Data provided
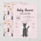 This cute, whimsical and modern girls baby shower invitation design features a grey tabby cat cartoon with paw prints, with a siamese cat, ginger tabby kitten and fluffy white cat pattern on the reverse, and can be personalised with the parent's names and other details necessary for your party. The perfect girly kitty cat themed addition to your co-ed couples pink animal baby shower.
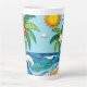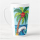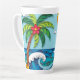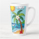 A coastal Latte Mug in a paper quilling style ai illustration of two palm trees, the sun, ocean waves, a beach and tropical flowers.
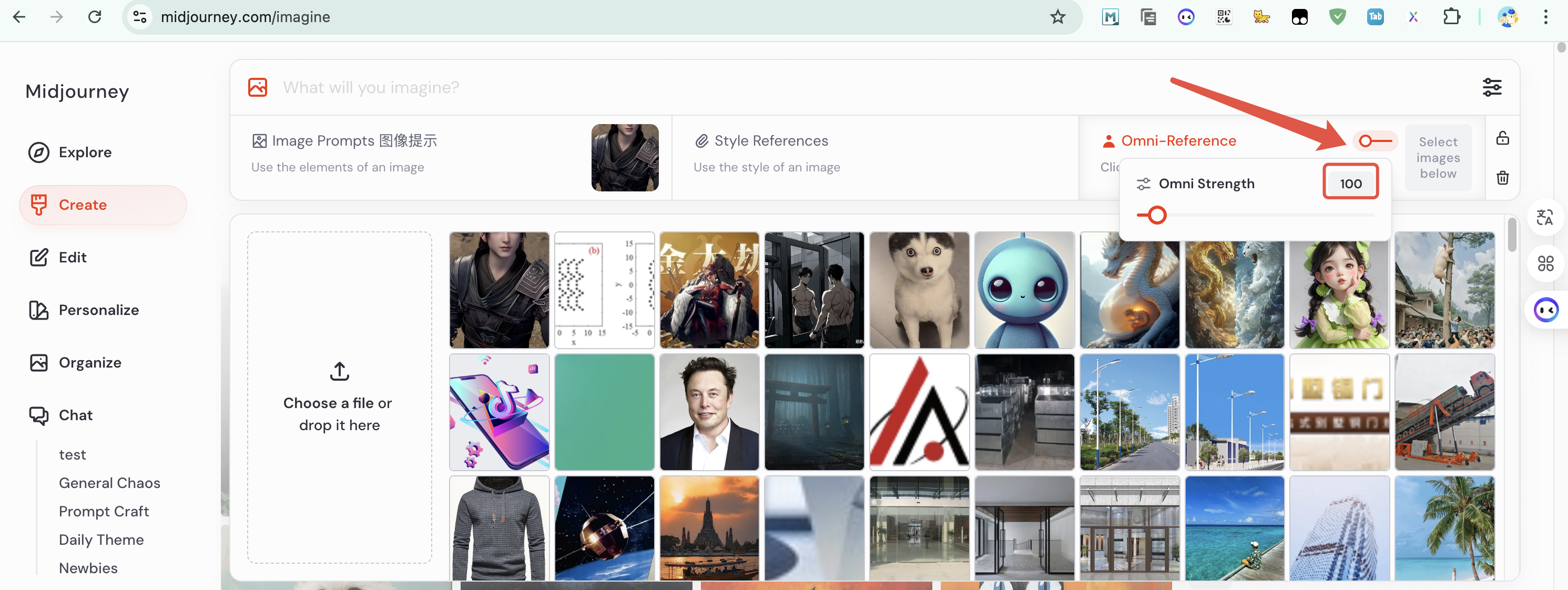 点击Omni-Reference右上角滑块,就可以调整权重值,可选值是0-1000,默认是100,对应的discord里参数--ow!如果你想改变图像的风格(如将照片改为动漫),则应降低权重,比如调到25!如果想确保角色的脸部非常明显(或他们的衣服得到保留),则应尝试更高的设置,比如设置到400!这里我们直接使用100默认值进行测试
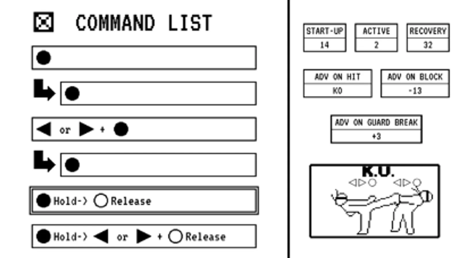 - Command list with frame data
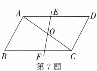 7. 如图,△ABC与△CDA关于点O对称,过点O作一直线EF分别交AD,BC于点E,F.有下列结论:①点E和点F,点B和点D分别关于点O对称;②直线BD必经过点O;③△AOE与△COF成中心对称;④四边形DEOC与四边形BFOA的面积必相等.其中,正确的个数为(
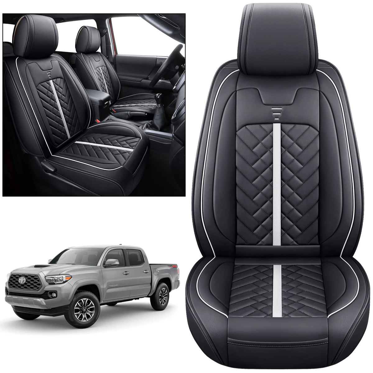 Tomatoman Tacoma Car Seat Covers-To be your best choiceFaux Leather-Waterproof,soft,and wear-resisting.Non-slip bottom cloth to ensure that the seat cover will not move when in use;We also bet it will become a Surprised gift for your family,friends,boyfriend and so onCustomized Fit For 2005-2025 Toyota Tacoma TRD Sport TRD Off-Road Limited SR SR5 Trail Edition TRD Pro Nightshade Double Cab Back to the Future TRD Pro Race TruckCompatible Airbags-The design of a side elastic belt allows the airbag to deploy in case of huge impact,ensuring safety and reliabilityEasy to install-Quality texture and feel with a perfect fit and easier to set.Color and style is a perfect fit for your taste;Please read that manual or watch the installation video before you start to install the seat coversTomatoman Guarantee-If any part of the product is lost or damaged,please feel free to contact us,we will solve the problem for you
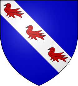 Three red martlets on a white bend, on a blue field (Azure, on a bend argent three martlets gules) |
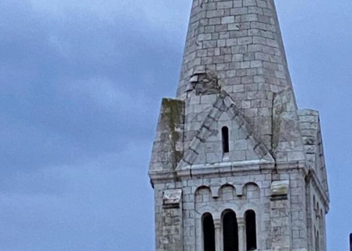 Grom je oštetio crkvu, a kamenje obližnje krovove kuća i automobile parkirane u podnožju crkve.
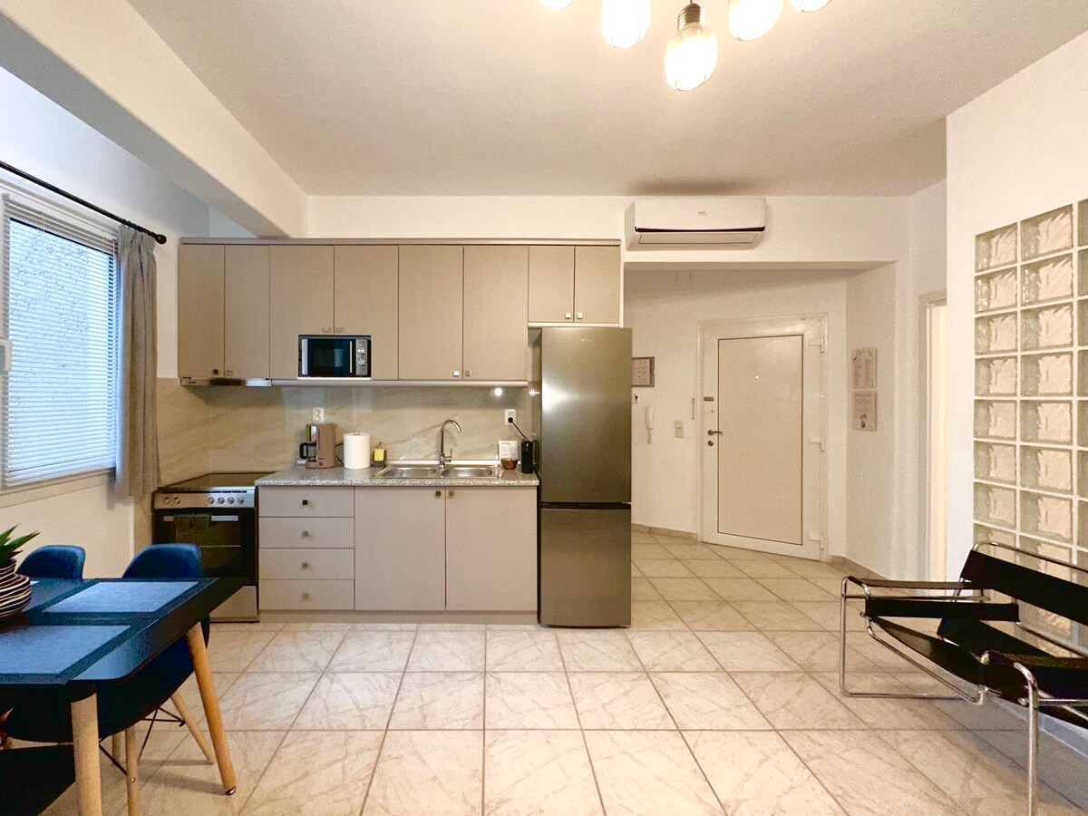 El apartamento tiene 25 metros cuadrados de tamaño y se encuentra en el corazón del centro de la ciudad de Katerini, en la calle Pezodromos (peatonal). Ofrece acceso directo (a 3 minutos a pie) a las cafeterías, los bares, restaurantes, supermercados, el estacionamiento municipal de bajo costo del estacionamiento municipal de bajo costo y la estación de autobuses local donde puedes tomar un autobús que conduce a la estación de tren y a la playa Paralia (en aprox. 15 minutos). El departamento está en el piso baja, está completamente renovado (en 2023) y equipado. Apto para el ocio y/o viajes de negocios.

Exercise details
With the pictures left aside, write out all of the records above exactly.

Answer
 This cute, whimsical and modern girls baby shower invitation design features a grey tabby cat cartoon with paw prints, with a siamese cat, ginger tabby kitten and fluffy white cat pattern on the reverse, and can be personalised with the parent's names and other details necessary for your party. The perfect girly kitty cat themed addition to your co-ed couples pink animal baby shower.
 A coastal Latte Mug in a paper quilling style ai illustration of two palm trees, the sun, ocean waves, a beach and tropical flowers.
 点击Omni-Reference右上角滑块,就可以调整权重值,可选值是0-1000,默认是100,对应的discord里参数--ow!如果你想改变图像的风格(如将照片改为动漫),则应降低权重,比如调到25!如果想确保角色的脸部非常明显(或他们的衣服得到保留),则应尝试更高的设置,比如设置到400!这里我们直接使用100默认值进行测试
 - Command list with frame data
 7. 如图,△ABC与△CDA关于点O对称,过点O作一直线EF分别交AD,BC于点E,F.有下列结论:①点E和点F,点B和点D分别关于点O对称;②直线BD必经过点O;③△AOE与△COF成中心对称;④四边形DEOC与四边形BFOA的面积必相等.其中,正确的个数为(
 Tomatoman Tacoma Car Seat Covers-To be your best choiceFaux Leather-Waterproof,soft,and wear-resisting.Non-slip bottom cloth to ensure that the seat cover will not move when in use;We also bet it will become a Surprised gift for your family,friends,boyfriend and so onCustomized Fit For 2005-2025 Toyota Tacoma TRD Sport TRD Off-Road Limited SR SR5 Trail Edition TRD Pro Nightshade Double Cab Back to the Future TRD Pro Race TruckCompatible Airbags-The design of a side elastic belt allows the airbag to deploy in case of huge impact,ensuring safety and reliabilityEasy to install-Quality texture and feel with a perfect fit and easier to set.Color and style is a perfect fit for your taste;Please read that manual or watch the installation video before you start to install the seat coversTomatoman Guarantee-If any part of the product is lost or damaged,please feel free to contact us,we will solve the problem for you
 Three red martlets on a white bend, on a blue field (Azure, on a bend argent three martlets gules) |
 Grom je oštetio crkvu, a kamenje obližnje krovove kuća i automobile parkirane u podnožju crkve.
 El apartamento tiene 25 metros cuadrados de tamaño y se encuentra en el corazón del centro de la ciudad de Katerini, en la calle Pezodromos (peatonal). Ofrece acceso directo (a 3 minutos a pie) a las cafeterías, los bares, restaurantes, supermercados, el estacionamiento municipal de bajo costo del estacionamiento municipal de bajo costo y la estación de autobuses local donde puedes tomar un autobús que conduce a la estación de tren y a la playa Paralia (en aprox. 15 minutos). El departamento está en el piso baja, está completamente renovado (en 2023) y equipado. Apto para el ocio y/o viajes de negocios.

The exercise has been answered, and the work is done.